(Records excerpted from a collection)
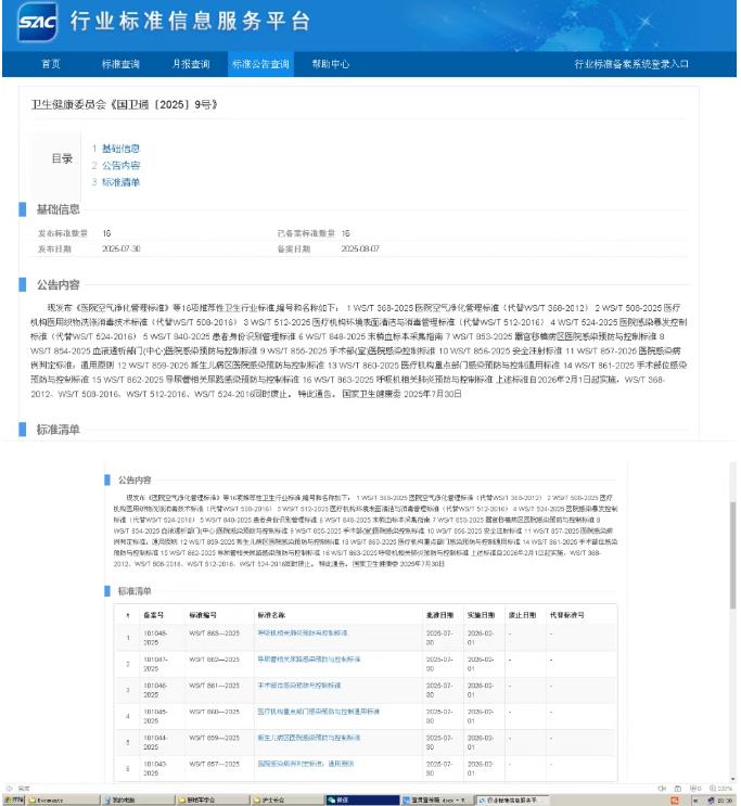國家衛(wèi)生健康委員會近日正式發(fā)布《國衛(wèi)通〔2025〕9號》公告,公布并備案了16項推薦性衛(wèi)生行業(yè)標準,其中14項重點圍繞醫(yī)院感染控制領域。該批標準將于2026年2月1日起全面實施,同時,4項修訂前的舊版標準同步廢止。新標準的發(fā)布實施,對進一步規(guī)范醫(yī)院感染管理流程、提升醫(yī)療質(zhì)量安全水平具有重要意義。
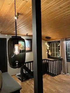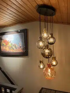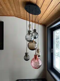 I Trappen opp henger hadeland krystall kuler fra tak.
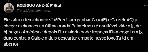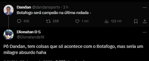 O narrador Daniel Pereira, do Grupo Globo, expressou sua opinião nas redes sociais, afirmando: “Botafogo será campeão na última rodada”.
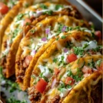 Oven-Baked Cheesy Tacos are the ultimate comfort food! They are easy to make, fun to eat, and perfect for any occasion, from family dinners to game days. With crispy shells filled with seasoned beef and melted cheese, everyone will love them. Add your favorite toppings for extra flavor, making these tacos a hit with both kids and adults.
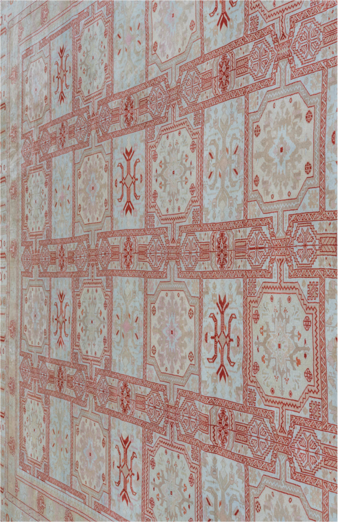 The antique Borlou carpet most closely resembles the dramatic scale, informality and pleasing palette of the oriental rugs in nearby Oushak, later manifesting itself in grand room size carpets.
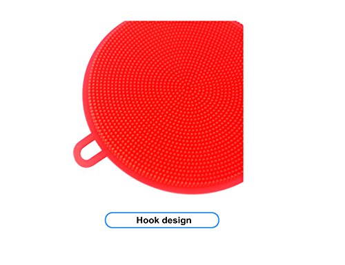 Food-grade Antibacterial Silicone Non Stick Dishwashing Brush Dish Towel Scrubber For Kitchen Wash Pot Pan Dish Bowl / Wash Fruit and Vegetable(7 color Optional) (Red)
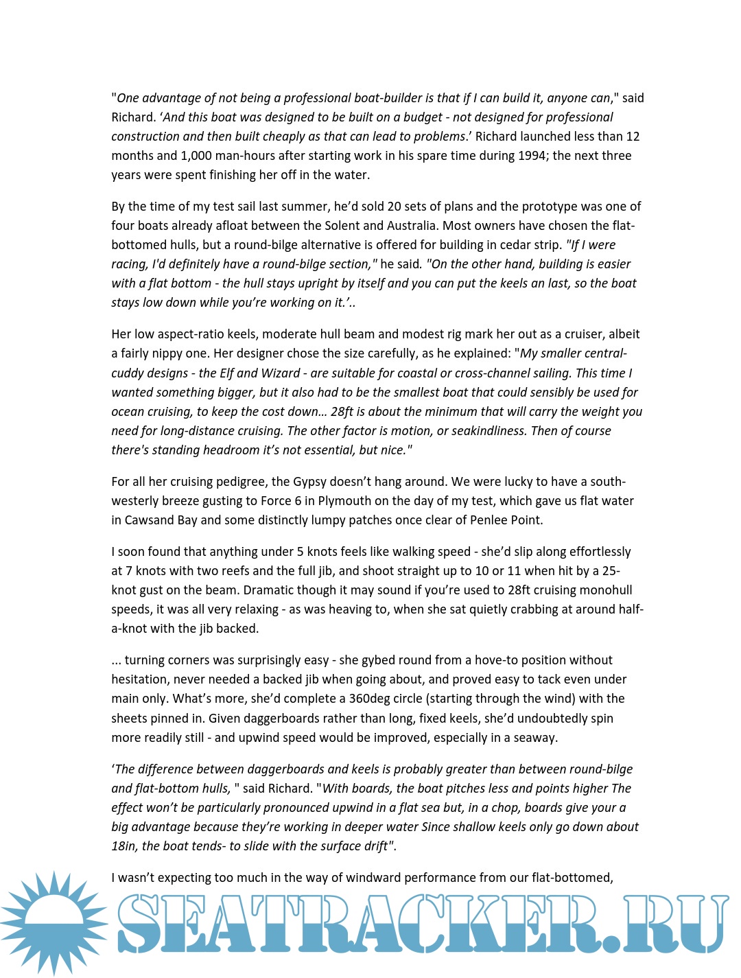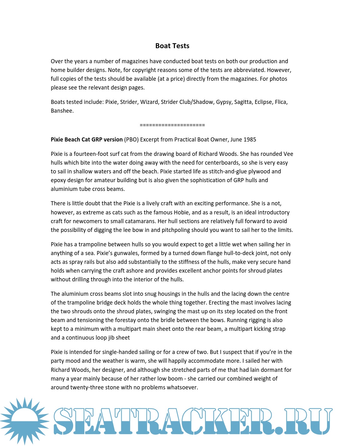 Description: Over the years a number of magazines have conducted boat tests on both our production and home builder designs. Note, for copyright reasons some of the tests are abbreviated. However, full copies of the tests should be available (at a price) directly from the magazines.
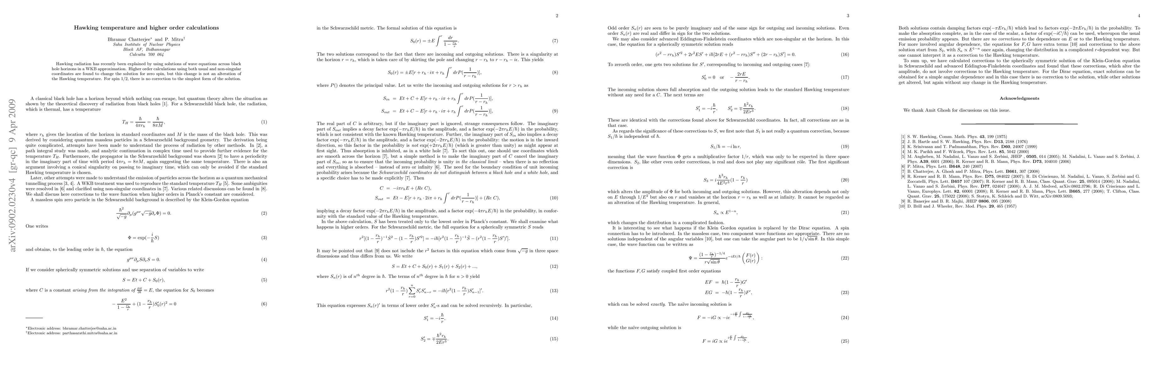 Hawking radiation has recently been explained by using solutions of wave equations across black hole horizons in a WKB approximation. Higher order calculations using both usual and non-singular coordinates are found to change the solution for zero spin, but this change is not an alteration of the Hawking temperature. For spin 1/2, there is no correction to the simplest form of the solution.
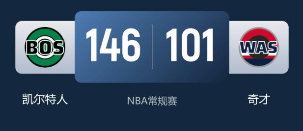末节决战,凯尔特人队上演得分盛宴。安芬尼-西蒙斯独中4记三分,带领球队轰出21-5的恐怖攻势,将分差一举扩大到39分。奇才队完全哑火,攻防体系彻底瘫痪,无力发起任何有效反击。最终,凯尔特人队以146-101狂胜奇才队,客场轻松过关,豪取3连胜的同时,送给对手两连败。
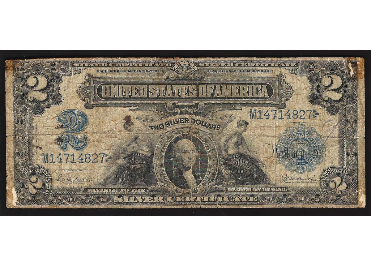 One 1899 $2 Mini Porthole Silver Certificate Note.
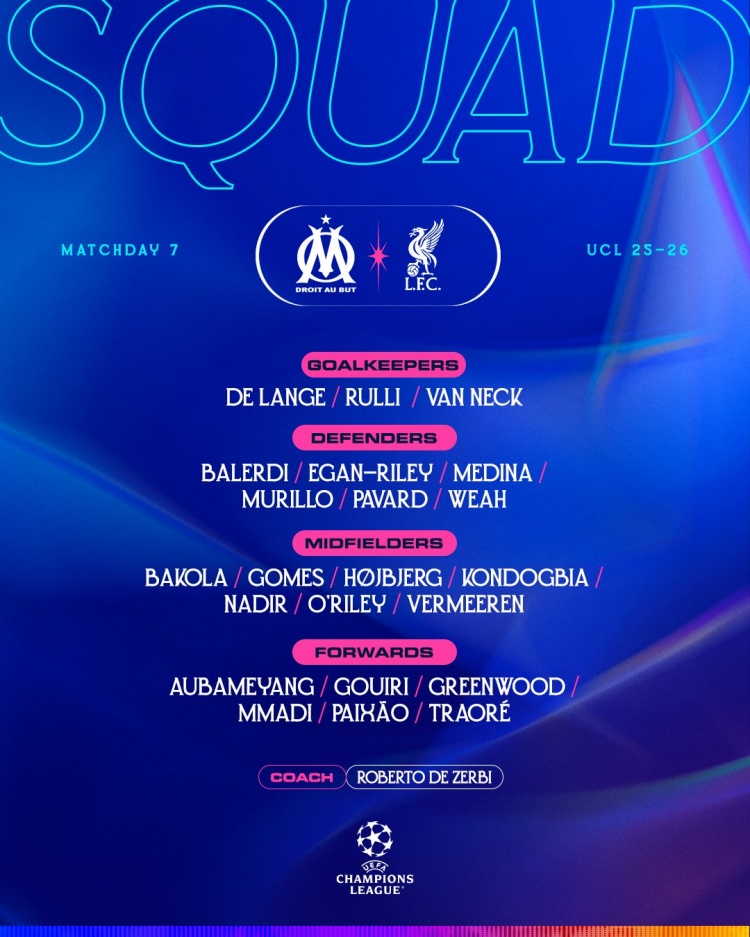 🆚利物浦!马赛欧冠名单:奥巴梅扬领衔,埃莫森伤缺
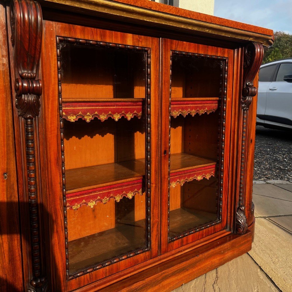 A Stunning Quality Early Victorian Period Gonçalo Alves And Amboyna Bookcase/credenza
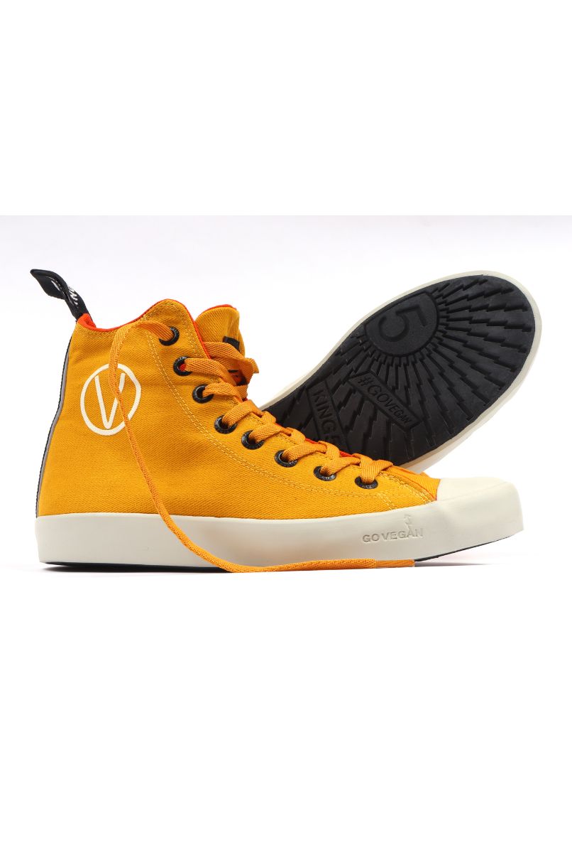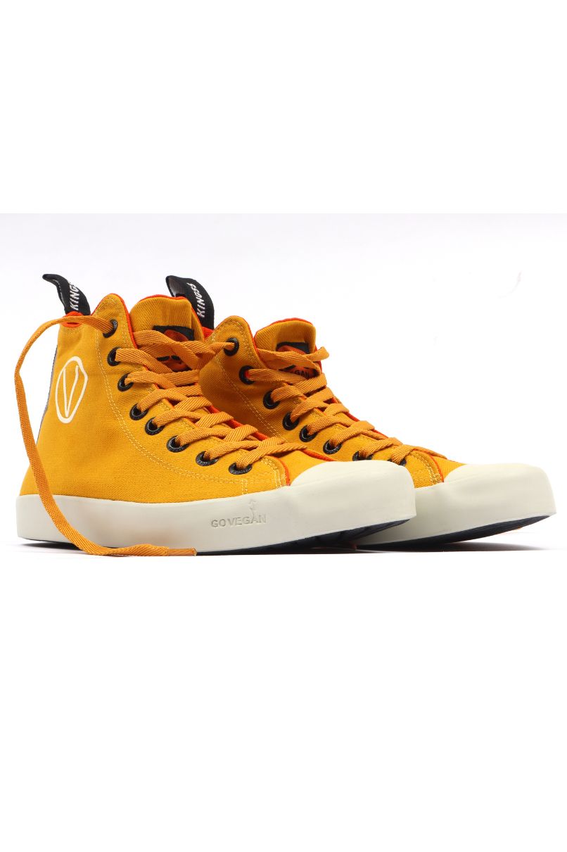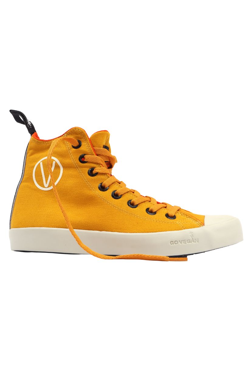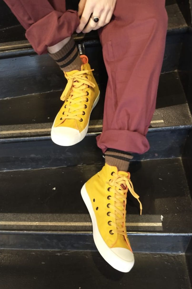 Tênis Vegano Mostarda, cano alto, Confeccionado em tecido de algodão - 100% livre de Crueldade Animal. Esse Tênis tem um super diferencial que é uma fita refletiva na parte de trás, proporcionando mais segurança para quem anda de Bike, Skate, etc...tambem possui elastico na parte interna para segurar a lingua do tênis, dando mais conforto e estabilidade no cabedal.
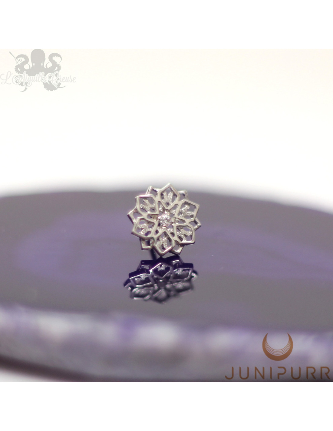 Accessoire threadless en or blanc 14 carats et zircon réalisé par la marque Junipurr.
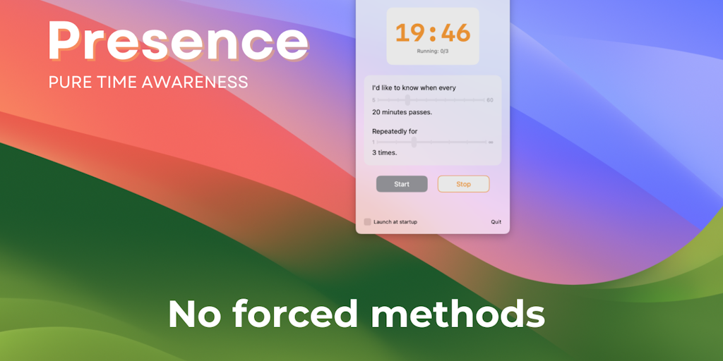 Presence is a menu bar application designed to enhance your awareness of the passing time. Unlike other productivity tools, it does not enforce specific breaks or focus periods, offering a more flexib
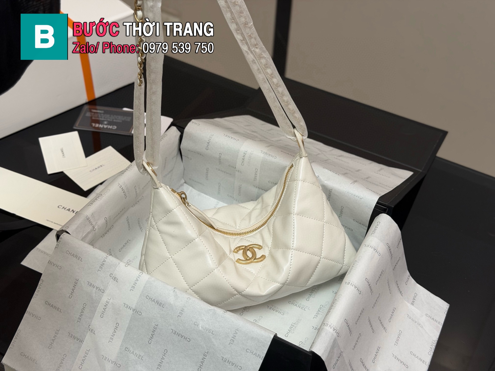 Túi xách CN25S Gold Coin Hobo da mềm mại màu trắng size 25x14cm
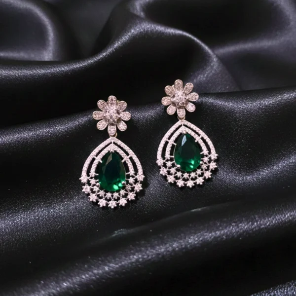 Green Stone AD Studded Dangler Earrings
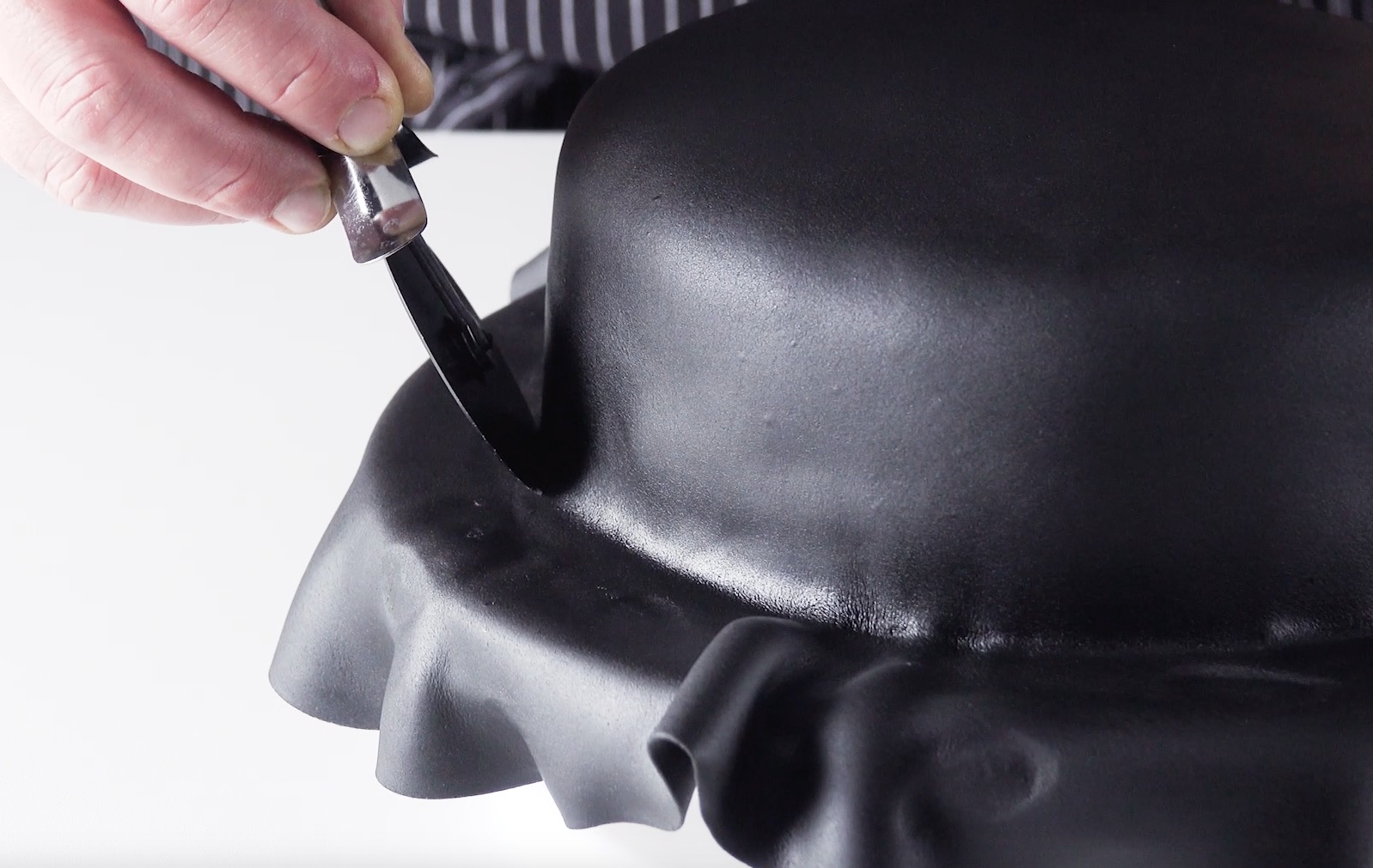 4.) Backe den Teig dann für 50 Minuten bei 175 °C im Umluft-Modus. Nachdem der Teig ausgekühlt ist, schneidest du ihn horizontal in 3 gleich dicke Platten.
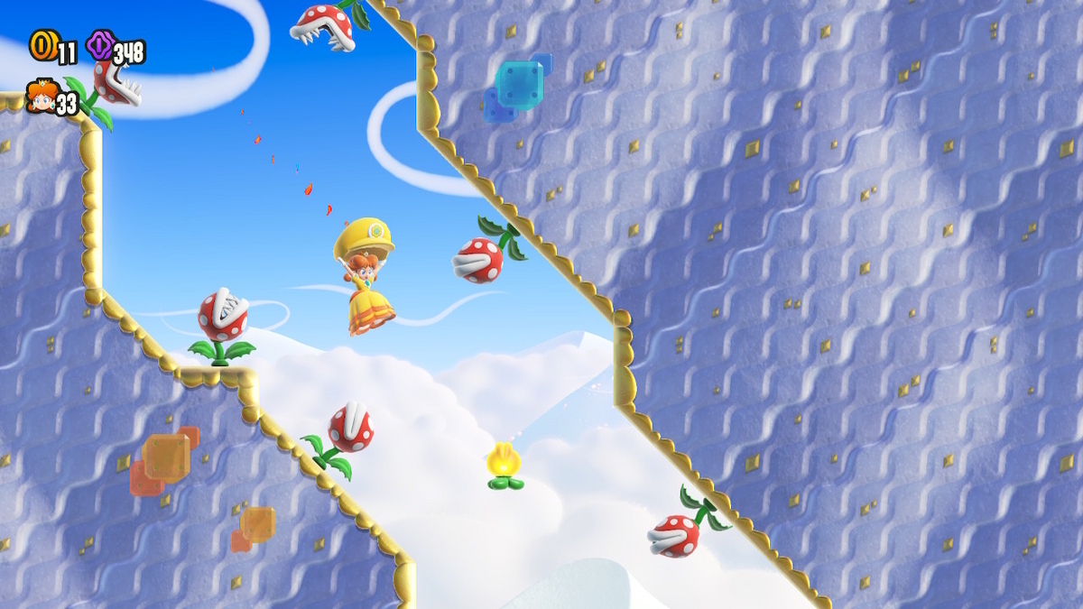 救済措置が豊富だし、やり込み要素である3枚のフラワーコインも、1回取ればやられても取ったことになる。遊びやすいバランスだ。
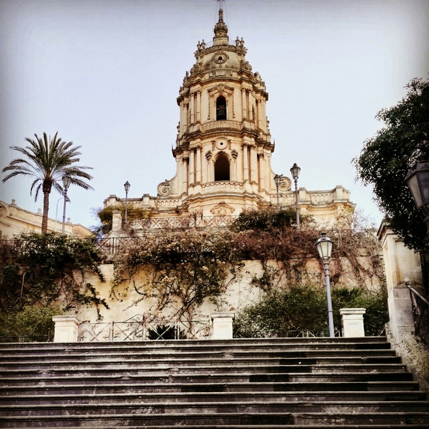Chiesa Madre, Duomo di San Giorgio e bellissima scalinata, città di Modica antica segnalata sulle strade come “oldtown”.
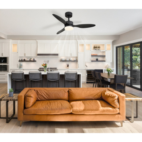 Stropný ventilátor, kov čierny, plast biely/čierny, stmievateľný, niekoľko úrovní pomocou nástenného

▶ [Instructions for the task]: Nothing but the lines from the one with "救済措置が豊富だし、やり込み" up to and including the one with "Chiesa Madre, Duomo" should be printed, exactly as they read above. Please keep the pictures out.

▶ [Exercise result]:
 救済措置が豊富だし、やり込み要素である3枚のフラワーコインも、1回取ればやられても取ったことになる。遊びやすいバランスだ。
Chiesa Madre, Duomo di San Giorgio e bellissima scalinata, città di Modica antica segnalata sulle strade come “oldtown”.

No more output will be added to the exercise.